Nevertheless, the effect of Alda-1 on AE-induced ALI has yet to be determined. Our hypothesis indicates that Alda-1, by activating ALDH2, has a positive impact on AE-induced ALI. Therefore, this study aimed to examine this hypothesis through the utilization of a rat model for ALI induced by AE in an in situ isolated perfused lung.

Methods

Animals

Male Sprague‒Dawley rats weighing approximately 350 g (±20 g) were used for this investigation, and the animals were treated with compassion in accordance with the regulations laid out by the National Institutes of Health guidelines (National Academy Press, 1996). The research received approval from the Institutional Animal Care and Use Committee of the National Defense Medical Center, with the approval number IACUC-15-179. The rats were maintained in an environment with standard temperature and humidity, where they experienced a 12-h light and dark cycle and had continuous access to both food and water.
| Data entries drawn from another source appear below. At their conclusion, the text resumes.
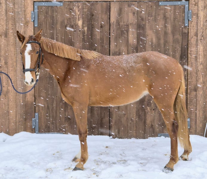 Elegant Latvian Warmblood mare, born in 2022, with a striking chestnut coat and a height of 165 cm. This well-bred young mare exhibits promising conformation and a balanced build, making her an excellent prospect for dressage. Her calm demeanor and natural athleticism suggest she will develop into a versatile and reliable partner for dressage. A rare opportunity to acquire a promising Latvian Warmblood mare with excellent potential for future training and competition.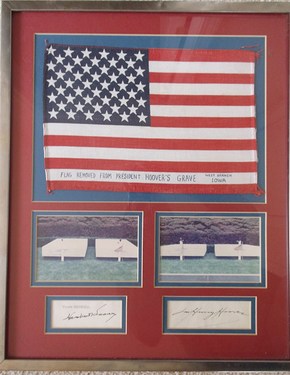 HOOVER, Herbert (1874-1964). Thirty-first President of the United States. HOOVER, Lou Henry (1874-1944). First Lady (1929-1933). Signatures of Herbert Hoover and Lou Henry Hoover, double matted along with two photographs of their graves. One photograph illustrates their graves in West Branch, Iowa with an American flag flying at the base of each grave stone. The other photograph shows the flag from Herbert Hoover’s grave removed. Included in this frame ensemble is the original flag that was removed from Herbert Hoover’s grave. These flags are removed on a regular basis as they become worn. The double matting used is red and blue. A very patriotic and most unusual display.......$250.00 ![]() |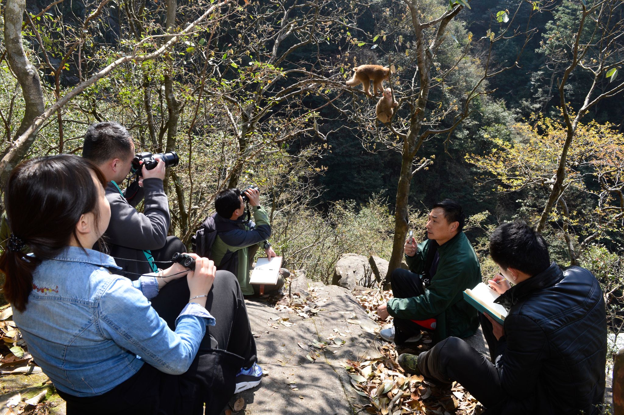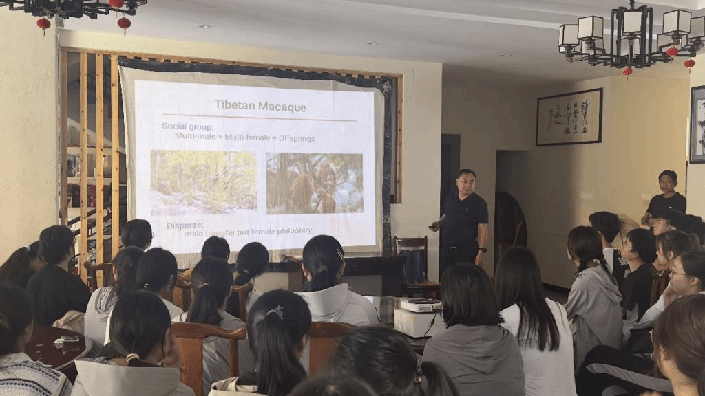 实地考察后,李进华给学生们作关于黄山短尾猴的学术报告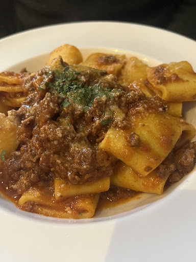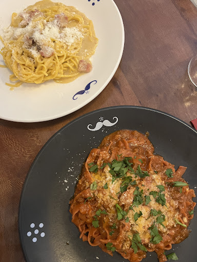 But! We waited 50 minutes for our food, and when it arrived it was unfortunately disappointing. We were seated downstairs and had only seen the waitress once since we ordered, so after 40 minutes or so I popped upstairs to ask about the food. I was abruptly told that, simply, that they were busy (the downstairs level was empty) and it became apparent that they had forgotten our food. We had ordered 3 pasta dishes so nothing that should take 50 mins. I went back downstairs and they brought us more olives while we waited, saying our food would be 2 mins. 10 minutes later the food arrived. For the seafood pasta dish, the pasta was undercooked (not al dente, simply undercooked) and the sausage tortelloni was bland in flavour and oily. The insides were an unappetising grey colour. We all agreed that at best the food was 'ok' but certainly nothing special.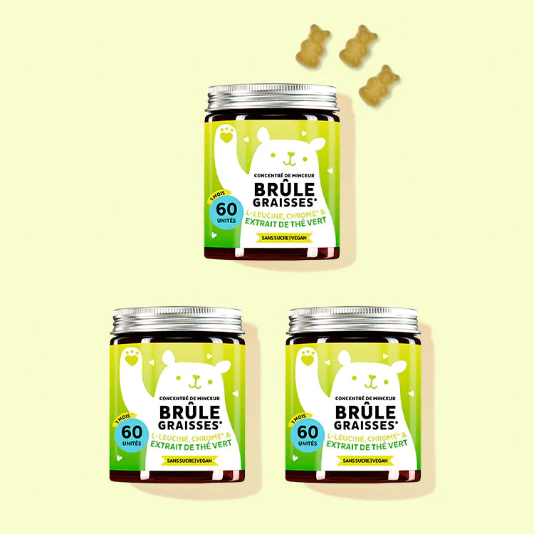 Boostez naturellement votre métabolisme avec "Concentré de minceur - brûle graisses". Nos gummies Concentré de minceur - brûle graisses, vous aident à éliminer les graisses, tout en maintenant un taux de sucre sanguin normal grâce à une association efficace de thé vert, chrome, biotine et zinc.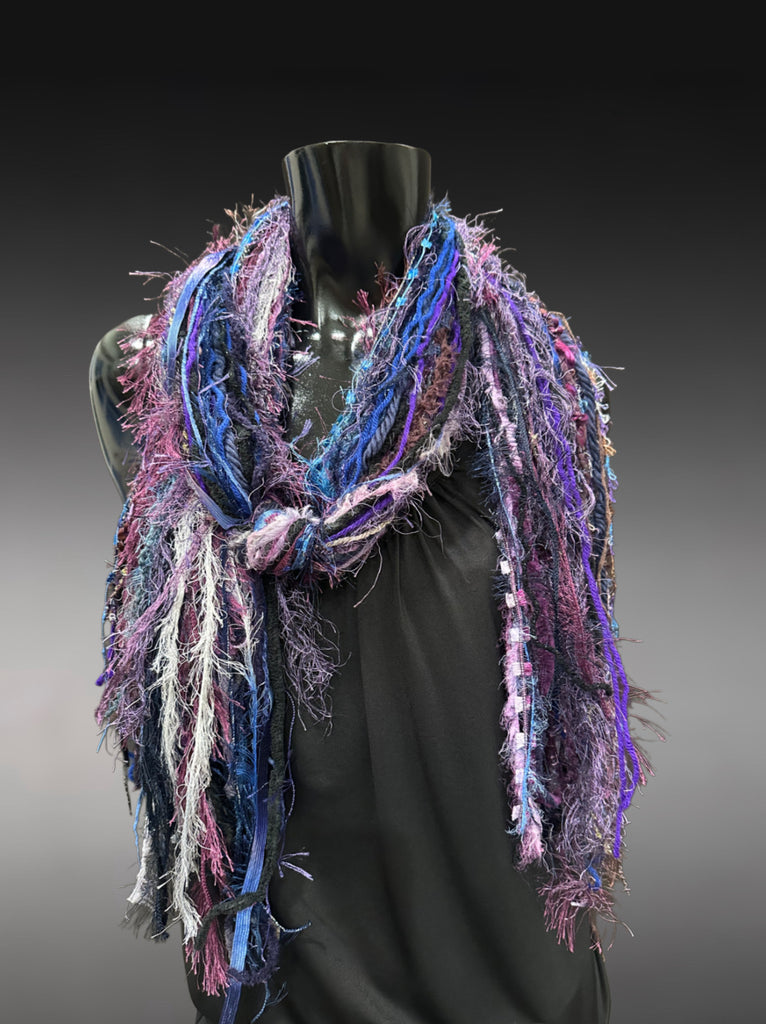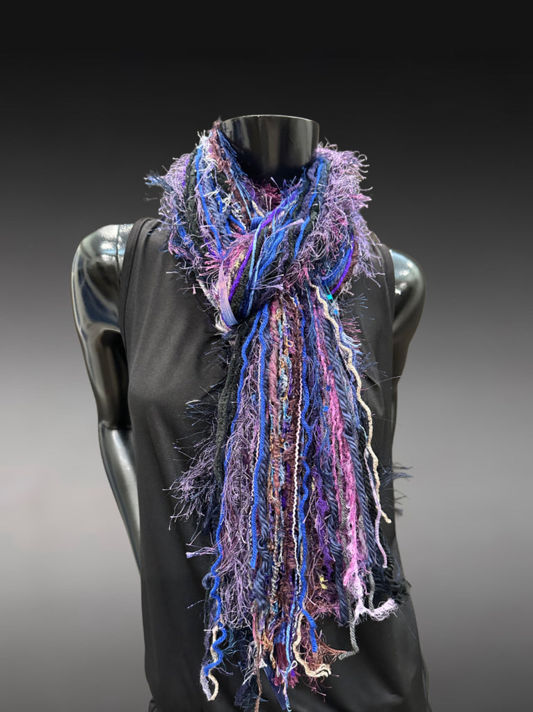 Handmade Boho Fringe Scarf, Blue, Purple & Textured Art Yarn Statement Accessory, avant garde style
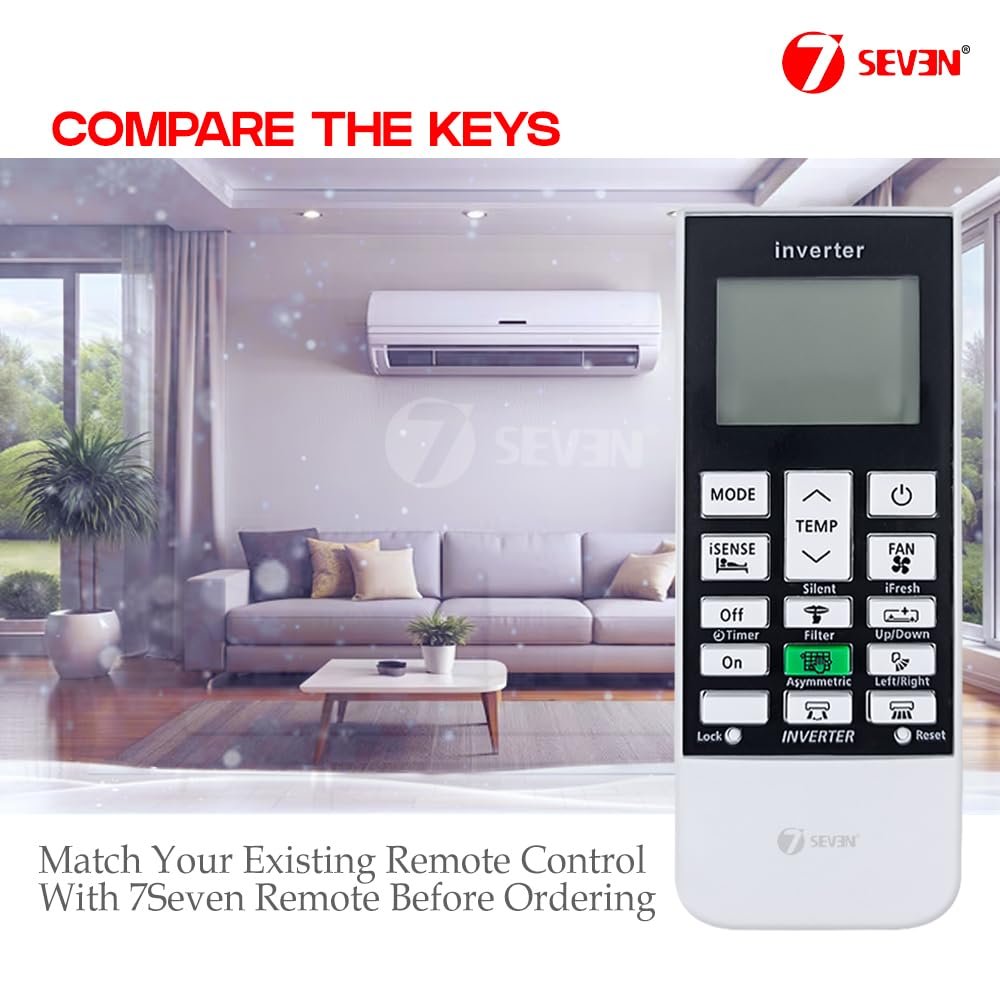 7SEVEN® Compatible with Hitachi AC Remote Control Model 168E Suitable for Split and Window 1 1.5 2 Ton Air Conditioner Remote – Match Remote Keys Exactly to Replicate Genuine Remote Function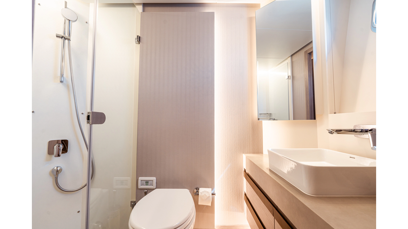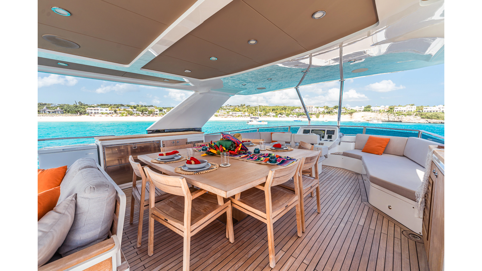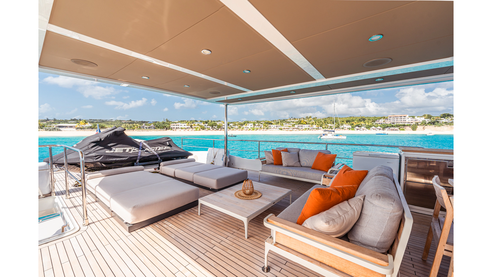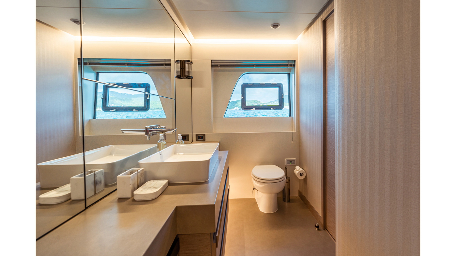 Onboard comfort is further enhanced by the latest-generation electric fin stabilization system, providing exceptional stability both underway and at anchor. The extended flybridge hardtop is equipped with a comprehensive solar energy package and an impressive 80 kW lithium-ion battery bank, forming the Silent Package that allows for silent overnight operation without generator use.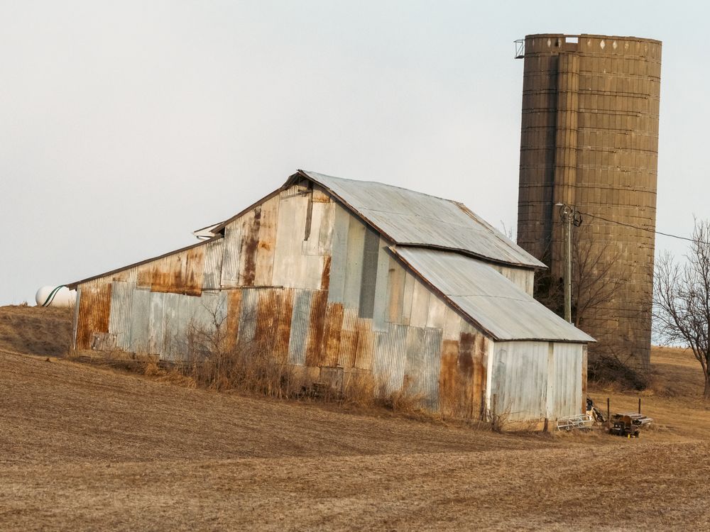 Metal Outbuilding near Oxford, IA. Iowa farm slopes.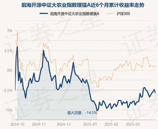 证券之星消息,3月27日,前海开源中证大农业指数增强A最新单位净值为0.9253元,累计净值为0.9253元,较前一交易日上涨0.53%。历史数据显示该基金近1个月上涨3.35%,近3个月下跌2.42%,近6个月上涨0.11%,近1年下跌1.48%。该基金近6个月的累计收益率走势如下图: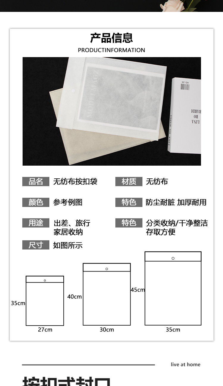 부직포 의류 숨겨진 버클 가방 버클 포장 가방 맞춤형 저장 먼지 가방 반투명 가방 도매스토어 가기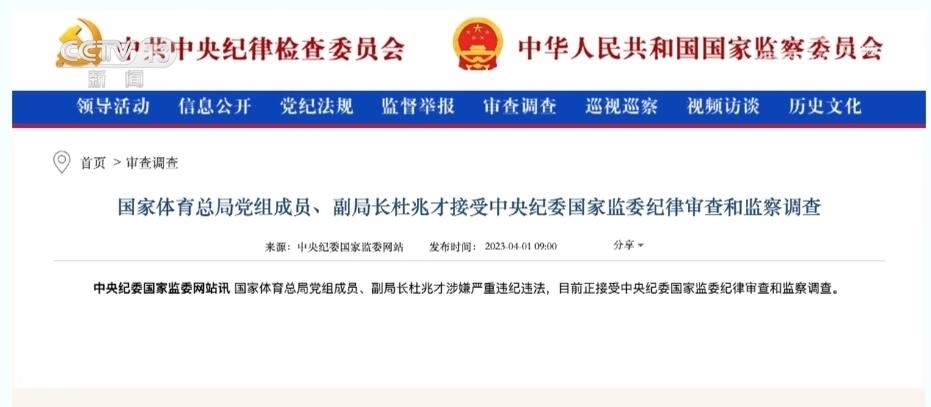 總臺央視記者 宋琎:今年3月27日,二十屆中央首輪巡視對象名單公布?!皩殷w育總局黨組開展機動巡視”這一消息迅速成為社會熱點。之后不到一周,中央紀委國家監(jiān)委通報,時任國家體育總局黨組成員、副局長杜兆才接受審查調查。體育領域反腐成為今年反腐敗工作的一大重點。

Air embolism model in rats

To induce AE, we applied the method outlined in our earlier investigation using an isolated perfused lung in situ model in rats.⁹ Briefly, all rats were anesthetized using Zoletil (50 mg/kg) via intraperitoneal injection and were subjected to tracheostomy. Throughout the procedure, the rats were exposed to humidified air with 5% CO₂ and maintained with a positive end-expiratory pressure set at 1 cm H₂O. The mechanical ventilator was configured to deliver a 3 mL tidal volume with a respiration rate of 60 breaths per minute. After a median sternotomy, we administered heparin at a dosage of 1 U/g of body weight into the right ventricle, followed by performing a cardiac puncture to collect 10 mL of blood. We inserted a polyethylene (PE)-10 catheter into the pulmonary artery, and simultaneously, advanced a PE-30 catheter into the left atrium. The side arm of the cannula allowed continuous recording of pulmonary venous pressure (PVP) and pulmonary arterial pressure. For perfusing the isolated lung, we utilized a physiological saline solution composed of the following constituents: 119 mM NaCl, 4.7 mM KCl, 1.17 mM MgSO₄, 22.6 mM NaHCO₃, 1.18 mM KH₂PO₄, 1.6 mM CaCl₂, 5.5 mM glucose, and 50 mM sucrose, along with 4% bovine serum albumin. The obtained 10 mL blood sample was subsequently introduced into the perfusate to create a “half-blood” solution prior to initiating recirculation. We utilized a roller pump to ensure a constant flow rate of 8 mL/min. Following the surgical procedure, the rats were positioned on an electronic balance, enabling continuous monitoring of changes in lung weight (LW). We introduced air into the lung through the pulmonary artery catheter at a rate of 0.25 mL/min for 1 min using an infusion pump, which led to the induction of AE injury.^3,4

Experimental design

The rats were assigned in a random manner to different groups: a control + vehicle group receiving dimethyl sulfoxide (DMSO) (n = 6), a group receiving AE alone, and groups receiving AE with varying doses of Alda-1 (10 mg, 20 mg, or 30 mg/kg BW) (n = 6 in each group). We administered Alda-1 (Sigma Aldrich Company, St. Louis, MO, USA) dissolved in DMSO via intraperitoneal injection to each animal 30 min before the surgical procedure. The dosages of Alda-1 employed in this investigation were established in accordance with a prior study.¹⁷

Lung weight/body weight and wet/dry weight ratios

The LW/BW and W/D weight ratios were evaluated following previously described methods.⁹ In brief, we promptly collected and weighed the right middle lung after the surgery, representing the wet LW. The LW/BW ratios were calculated by dividing the wet LW by the BW. Next, the right middle lung was positioned in a consistently heated incubator at 60°C for 48 h to acquire the dry LW. The W/D weight ratios were calculated by dividing the wet LW by the dry LW.

Vascular filtration coefficient

We determined the Kf value by assessing the change in LW induced by an elevation in venous pressure, following the established methodology.⁹ K_f was defined as the y-intercept of the plot (in g·min⁻¹) divided by the PVP (10 cm H₂O) and LW and expressed in whole units of g·min⁻¹ cm H₂O⁻¹ × 100 g.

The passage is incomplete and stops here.